Crédit à la consommation : la preuve du respect de l’obligation d’information pèse sur le prêteur

La signature d’une clause type par laquelle l’emprunteur atteste avoir reçu du prêteur la fiche d’information précontractuelle n’est qu’un indice non susceptible d’établir l’exécution par le prêteur de son obligation d’information, en l’absence d’élément complémentaire.

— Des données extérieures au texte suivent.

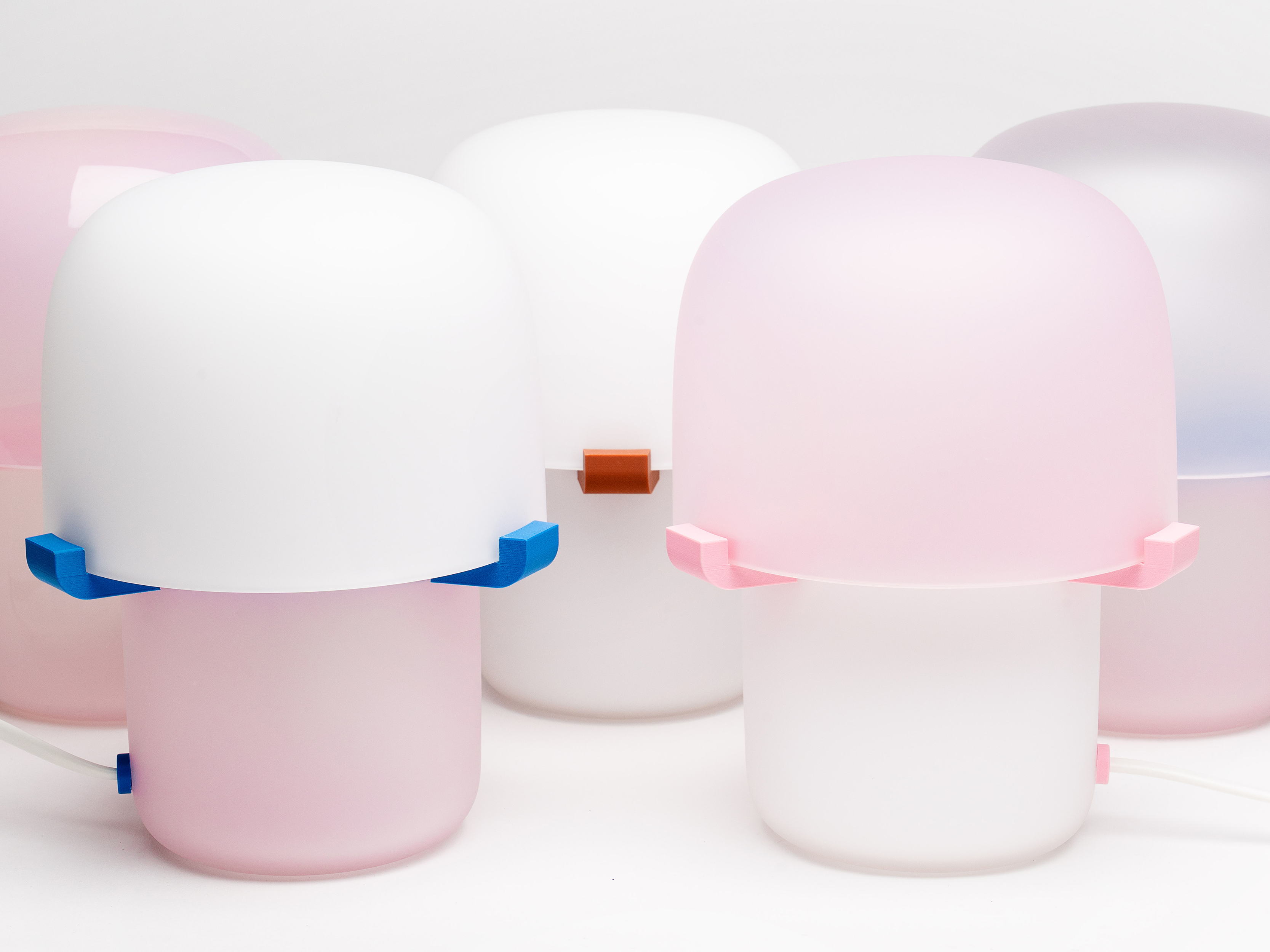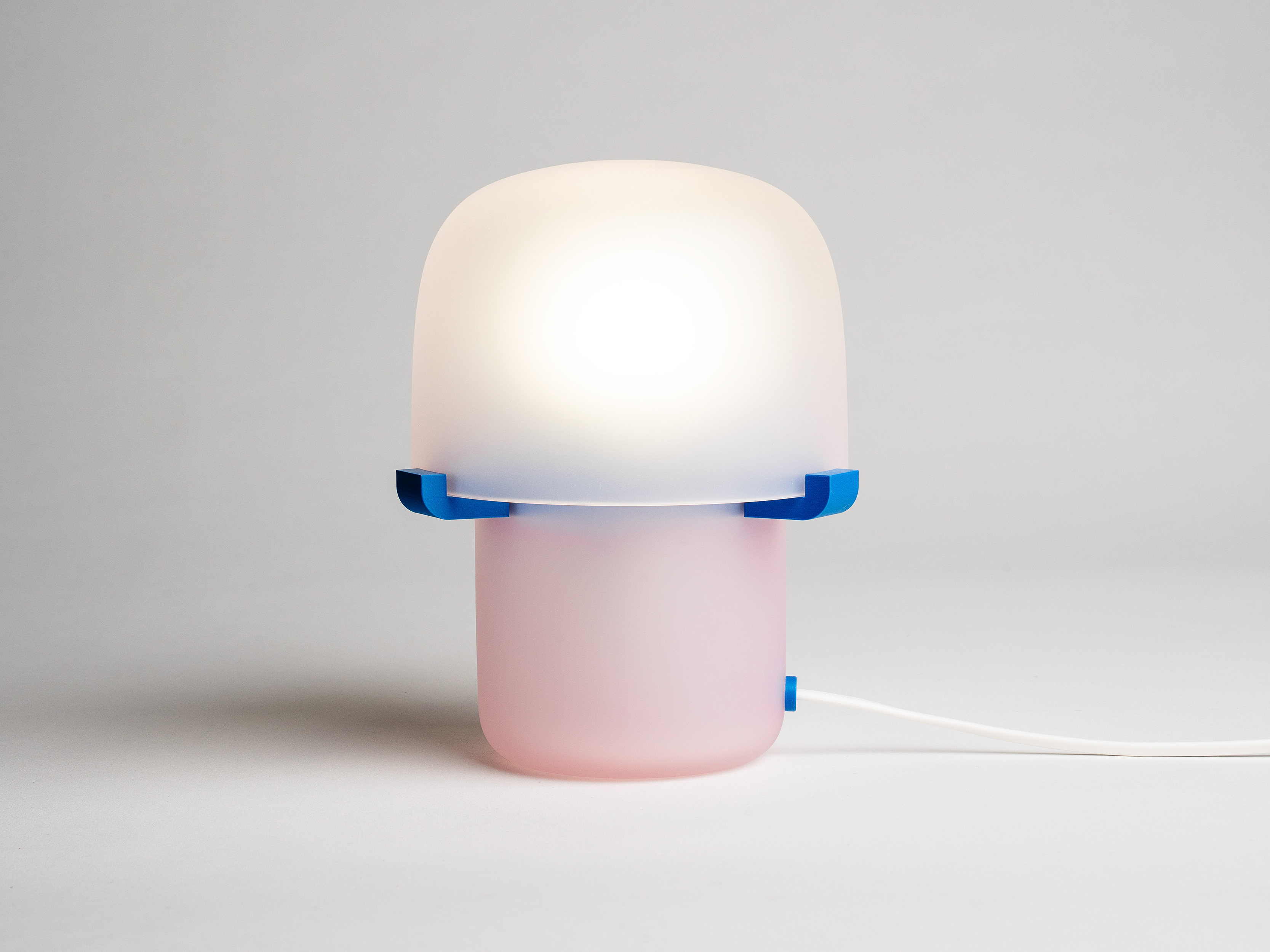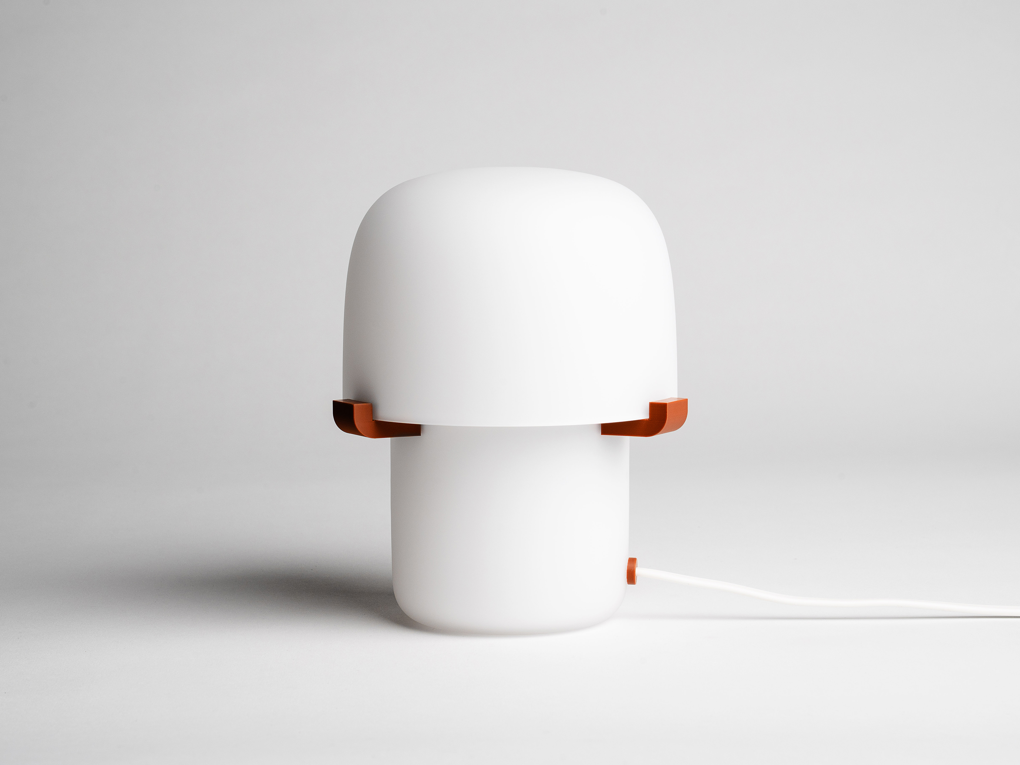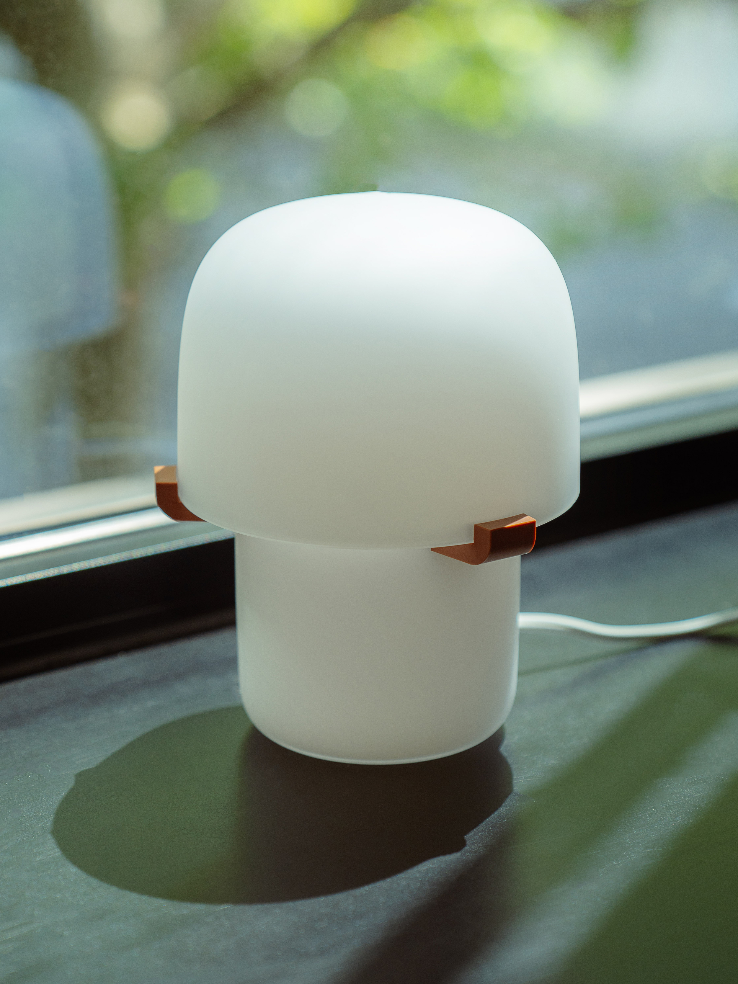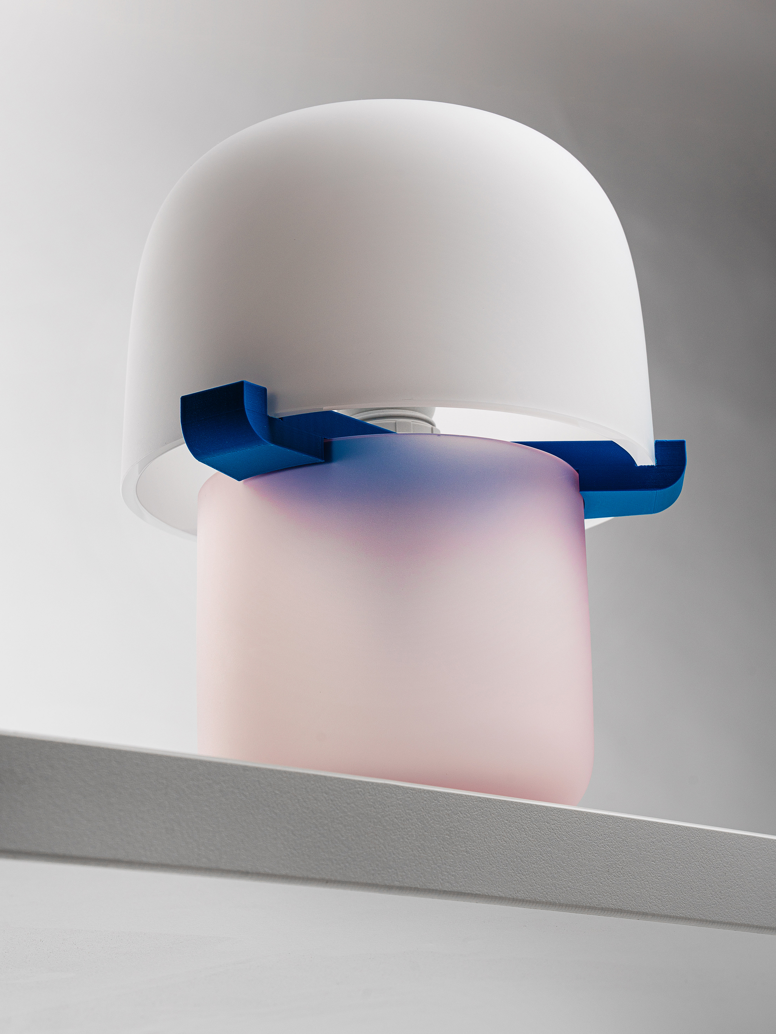 → All ProjectsMellow is a table lamp with a minimalist and poetic design, inspired by the soft and comforting shape of a candy. Made from two glass components held together by a central star-shaped piece that houses the light bulb, Mellow combines structural simplicity with visual delicacy. The lamp’s form is reduced to its essence — soft, rounded volumes that gently diffuse the light through satin-finished glass. The central star-shaped connector plays a dual role: both functional and aesthetic. It keeps the glass parts securely in place while allowing for an easy assembly, emphasizing the lamp’s simple yet clever construction.

Source : Cass.  civ. 1ère, 5 juin 2019, n° 17-27.066, FS-PB

 

I – L’espèce

 

Un consommateur ayant souscrit un crédit à la consommation demande que la banque soit déchue du droit aux intérêts contractuels pour manquement à son obligation d’information précontractuelle et absence de remise de la fiche d’information standardisée, obligation prévue à l’article L. 312-12 et L. 341-1 du code de la consommation (ex-articles L. 311-6 et L. 311-48).

 

La banque oppose alors une clause type aux termes de laquelle l’emprunteur attestait avoir reçu d’elle la fiche d’information précontractuelle européenne normalisée qui figurait dans le contrat de prêt, si bien que la preuve de la remise de la fiche est établie.

 

La Cour de cassation donne raison à l’emprunteur, et prononce la déchéance du droit aux intérêts contractuels de la banque. Elle fonde son argumentation sur le droit de l’Union européenne.

 

II - Analyse

 

La Cour de justice de l’Union européenne a précisé que les dispositions de la directive 2008/48/CE du 23 avril 2008, concernant les contrats de crédit aux consommateurs, s’opposent à ce que, en raison d’une clause type, le juge doive considérer que le consommateur a reconnu la pleine et correcte exécution des obligations précontractuelles incombant au prêteur, cette clause entraînant ainsi un renversement de la charge de la preuve de l’exécution desdites obligations de nature à compromettre l’effectivité des droits reconnus par la directive[1].

 

La CJUE a ajouté qu’une clause type figurant dans un contrat de crédit ne compromet pas l’effectivité des droits reconnus par la directive 2008/48 si, en vertu du droit national, elle implique seulement que le consommateur atteste de la remise qui lui a été faite de la fiche d’information européenne normalisée ; une telle clause constitue un indice qu’il incombe au prêteur de corroborer par un ou plusieurs éléments de preuve pertinents et le consommateur doit toujours être en mesure de faire valoir qu’il n’a pas été destinataire de cette fiche ou que celle-ci ne permettait pas au prêteur de satisfaire aux obligations d’informations précontractuelles lui incombant ; si une telle clause type emportait, en vertu du droit national, la reconnaissance par le consommateur de la pleine et correcte exécution des obligations précontractuelles incombant au prêteur, elle entraînerait un renversement de la charge de la preuve de l’exécution desdites obligations de nature à compromettre l’effectivité des droits reconnus par la directive.

 

Il incombe au prêteur de prouver qu’il a satisfait à son obligation d’information. Au cas particulier, si celui-ci se prévalait d’une clause type, figurant au contrat de prêt, selon laquelle l’emprunteur reconnaissait avoir reçu la fiche d’information précontractuelle normalisée européenne, il ne versait pas ce document aux débats. Par suite, la signature de la mention d’une telle clause ne pouvait être considérée que comme un simple indice non susceptible, en l’absence d’élément complémentaire, de prouver l’exécution par le prêteur de son obligation d’information.

 

III – Prolongement

 

La Cour de cassation semble appliquer, pour la première fois, le principe dégagé par la CJUE en 2014. Tant la directive 2008/48 du 23 avril 2008 que le Code de la consommation sont muets sur la charge de la preuve de l’exécution des obligations précontractuelles du prêteur. Sous l’empire de l’ancienne réglementation française du crédit à la consommation où l’information du consommateur résultait de la remise d’une offre de crédit, la Cour de cassation avait déjà jugé qu’il incombait au prêteur de prouver que cette offre comportait toutes les mentions requises par la réglementation[2].

 

Sont même réputées abusives de manière irréfragable et donc interdites les clauses qui, dans un contrat conclu entre un professionnel et un non-professionnel ou un consommateur, ont pour objet ou pour effet d’imposer au non-professionnel ou au consommateur la charge de la preuve, qui, en vertu du droit applicable, devrait incomber normalement à l’autre partie au contrat[3]. En 2013, la Commission des clauses abusives a considéré comme abusive la clause par laquelle l’emprunteur reconnaît qu’il a obtenu les explications nécessaires sur les caractéristiques du crédit et que celui-ci correspond à ses besoins, car elle permet au prêteur de se préconstituer la preuve de la bonne exécution de son devoir d’explication, y compris s’il y a manqué (Avis 13-01).